Litha widens his eyes and pops the car door open. “Guess we’ll help ourselves,” he mutters under his breath. He exits and Cece follows suit as they round the car. With the boot already unlocked, Litha heaves it open, lugging out their luggage one by one. Emptied, Litha slams the boot close and merely seconds later. The engine grumbles a farewell and the vehicle rolls away until its nothing but a speck on the horizon.
Both of them pause. Standing on the sun-beaten asphalt, taking it all in. Over fifteen yards forward, down a slight decline is a paved way that leads down to a detached one-door garage that stands beside a homey wooden cabin settled on the brink.

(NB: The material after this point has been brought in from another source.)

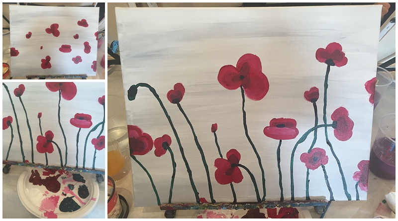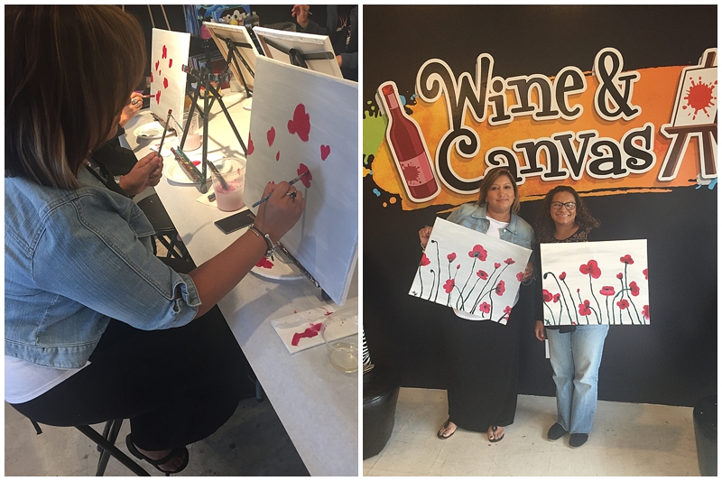Like I said, it took about 2 hours or so to complete our paintings. The whole class then took their works of art to the stage for a group photo. They also took photos while we painted to post on their facebook page! We had such a great time during the class. We laughed, chatted, and got to take home our finished masterpieces. It was definitely a nice change from netflix and wine on the couch 🙂
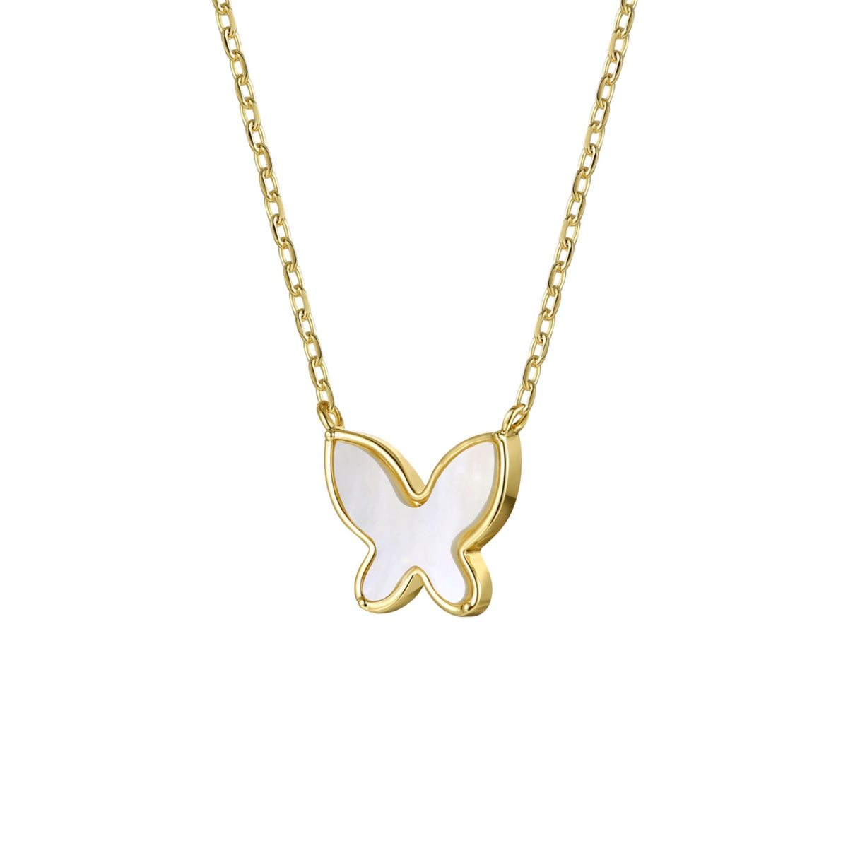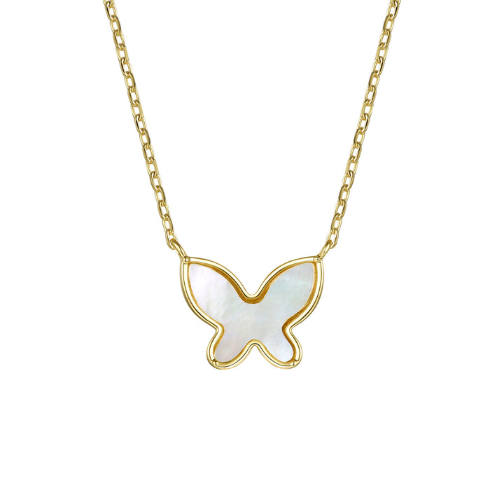 Made with 14k yellow gold-plated sterling silver, featuring a bezel set mother of pearl butterfly inlay. Finished with a lobster clasp.

From the side to the rear is a vast swath of water, a part of the Azura as their backyard with a narrow pier that elongates on the body of water. Cece draws her gaze back to the cabin and the single oak door opens.
An elderly couple shuffles out, their skins a deep sepia like the colour that bathes a forest floor under golden sunlight. The only betrayal of age is not weathered skin or slouched backs, but their sterling silver hair.
Cece straps her handbag over her shoulder readily. Aligned with her hip, she takes the lead of the large suitcase and together they trudge down the slope. Litha drags the others behind him as they both respectfully follow the cobblestone pathway, avoiding the evergreen grass on either side like it’s lava.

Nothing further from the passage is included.